Employers are prohibited from correcting unequal compensation by reducing the pay rate of any employee. Instead, the employer must increase the pay of the lower paid employee to the level of the higher paid employees who performs substantially similar work.
An employer can continue to pay a different rate of compensation to an employee in a protected class if the employer can demonstrate (a) the different compensation results from a seniority system or a merit system, or if (b) the employer proves all of the following:
- The unequal pay resulted from bona fide factors other than characteristics of the members of the protected class, such as training, education, experience or production
- The factors are not based on the fact that the employee is in the protected case
- Each factor is applied reasonably,
- The factors account for the entire difference in wages, and
- The factors are job related and based on legitimate business activity.
The new law provides that each time an employee is affected by discrimination in compensation, including each paycheck that is the result of discriminatory compensation, is an illegal act.
Previously, an employee had to start a lawsuit for unequal pay within two years of each illegal act of discrimination. Under the new Equal Pay Act, an employee will have six years from the time of each illegal act to start a lawsuit. That longer time period will mean that employees who prevail on equal pay claims will be able to be awarded back pay for a much longer period of time.

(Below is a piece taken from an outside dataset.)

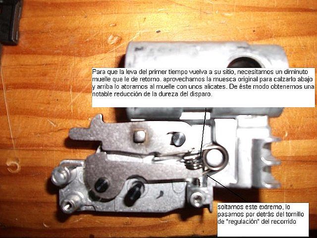 En la 2ª foto se aprecia el muelle que hay encima del tornillo que debería regular el recorrido de los tiempos pero no hace nada, se trata de quitar la grupilla del pasador que hace de eje del gatillo, no hace falta sacar el pasador del todo, si quieres y colocar otro muelle casero mas blando. Respecto al tornillo que creo que es de metrica 2,5 es buscar uno un pelin mas largo para que realmente actue, si se coloca uno demasiado largo puede ocurrir lo que expliqué en el mensaje anterior, no pasa nada si no se aprieta demasiado pero si te pasas de profundidad puedes tener algún problema.

Another major expansion of employees’ remedies under the new statute is that if a jury finds an equal pay violation the judge has to order the employer to pay the employee “treble damages,” meaning three times the actual monetary damages. Treble damages also are available to an employee who establishes in a lawsuit that the employer retaliated because the employee asserted his or her right to receive equal pay.
The amendment expands the LAD’s restriction against employers retaliating against employees to prohibit retaliation against employees because they discuss, disclose or request information about wages.
The new statute likely will result in many employers reevaluating the amount they are paying employees in protected classes and, in appropriate instances, increasing the compensation of those people.